1-REAZIONE DI ALLARME
l’organismo si accorge dello stress,è infastidito e reagisce con una serie di modalità di accensione dell’organismo( covid videochiamate sport attivazioni varie)simile forse al primo lockdown di marzo.

In questa prima fase detta di allarme il corpo si impegna totalmente a richiamare tutte le forze e le energie per far fronte allo stressor nel migliore dei modi.

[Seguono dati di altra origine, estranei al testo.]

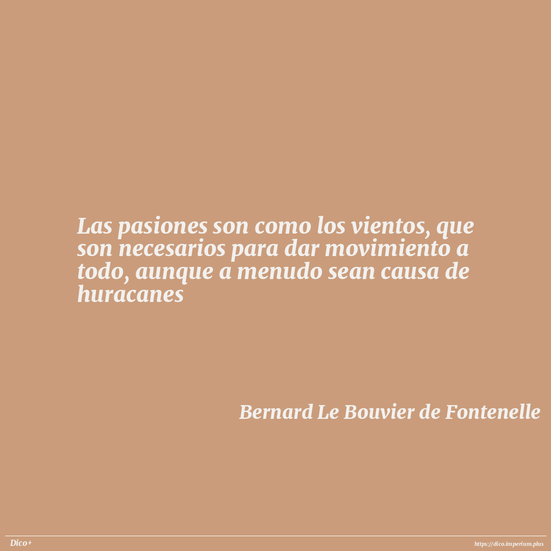 Las pasiones son como los vientos, que son necesarios para dar movimiento a todo, aunque a menudo sean causa de huracanes

La principale reazione interna è la produzione di adrenalina (catecolamine) con conseguente aumento del battito cardiaco: il corpo si prepara alla classica risposta “combatti o fuggi”, dominata dal nostro istinto di sopravvivenza.

Il nostro corpo percepisce una novità, ma come tale la interpreta come possibile pericolo reagendo di conseguenza: in questo caso il protagonista è sicuramente l’ipotalamo.

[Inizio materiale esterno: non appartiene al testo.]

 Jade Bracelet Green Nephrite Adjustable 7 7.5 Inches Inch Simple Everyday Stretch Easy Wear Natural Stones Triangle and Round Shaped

Questa importante area dell’encefalo agisce attraverso tre vie:

secrezione di cortisolo, adrenalina e noradrenalina (aumento pari anche a 10 volte il normale)
produzione di antidolorifici naturali del corpo, le betaendorfine, che innalzando la soglia del dolore permettono di sopportare meglio traumi, sforzi e tensioni emotive
attraverso il sistema simpatico inibizione del funzionamento dell’apparato digerente e stimolazione di altri sistemi come quello vascolare, muscolare liscio e ghiandolare

2-RESISTERE ALLO STRESS è quella in cui tutti noi oggi siamo immersi.
In questa fase non si avverte più la sensazione di disagio : lo stress è rimosso e inglobato.
Sappiamo infatti che il sistema nervoso centrale tende a reagire alle differenze , non agli stimoli ambentali costanti.
In questa fase infatti l’accelerazione della fase inziale continua ,ma la persona non ha la consapevolezza di essere sottoposta a stimoli

Questo è il momento più importante, nel quale il nostro organismo si adegua alle nuove circostanza e cerca di resistere finché l’elemento stressante non scompare.

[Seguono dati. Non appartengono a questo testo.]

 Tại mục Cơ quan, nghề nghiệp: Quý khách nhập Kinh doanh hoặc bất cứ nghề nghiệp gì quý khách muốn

In questa fase di resistenza abbiamo la sovrapproduzione di cortisolo che causa un indebolimento delle difese immunitarie, arrivando fino alla loro soppressione: questo inizialmente non causa problemi, ma nel lungo periodo con uno stress cronico rende molto più probabile l’attecchimento di molte malattie virali, batteriche e si pensa anche autoimmuni come l’artrite reumatoide o la sclerosi multipla.

3-ESAURIMENTO DELLE RISORSE il sintomo si manifesta sul piano somatico( insonnia mal di testa difficoltà alimentari tensioni muscolari ) e psichico (noia ansia attacchi di panico paura).

Questa è la fase conclusiva dello stress che assicura al corpo il riposo necessario per rimettersi completamente; in genere comincia quando l’organismo percepisce il pericolo come finito o quando le energie cominciano a venir meno.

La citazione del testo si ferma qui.